Post Tue, Jan 03 2012, 12:22 am
Anon just cuz my friends will def work out my screen name otherwise!

I'm interested to know if there's any connection between how your parents treated you as a child and what impact that has on your life now. We can all safely assume that someone whose parents called her Loser her whole life is likely to have self esteem issues, but what about the more subtle things. I'd be really interested to hear your answers to the following:

1. Do you consider yourself to be self confident / have good self esteem?
2. Do you consider yourself to be successful? Obviously this doesn't have to be about having a great career that you love. It's more about whether you have achieved/are achieving what you wanted/want to achieve.
3. Are you overall a happy person? I ask this separately from the above 2 questions as I may consider myself to be successful, to have achieved many of my goals so far, but I am not a happy person deep down.
4. How did your parents treat you as a child?
4a.

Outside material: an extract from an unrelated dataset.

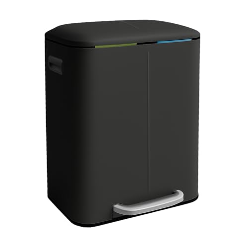 EKO Edison Poubelle à 2 compartiments, 2 x 30 litres, poubelle de cuisine avec double seau intérieur, 20 sacs poubelles, système de tri sélectif de grande capacité, couvercle à fermeture douce, sans

Did you have a good relationship with your parents growing up?
4b. Do you know what your parents' parenting style was like? eg were they the kind who had strict rules and it was all about discipline and respect? Were they more laid-back? Were they the kind of parents who would have help you a lot as a baby, especially to fall asleep at night?
4c. Do you think the way that your parents raised you has influenced how you parent your children? In what way?

My answers would be that I consider myself pretty successful in my professional and personal life BH, but I am not such a happy person and I feel like it goes back to how my parents raised me (very strict) which means I find it very hard to form healthy friendships.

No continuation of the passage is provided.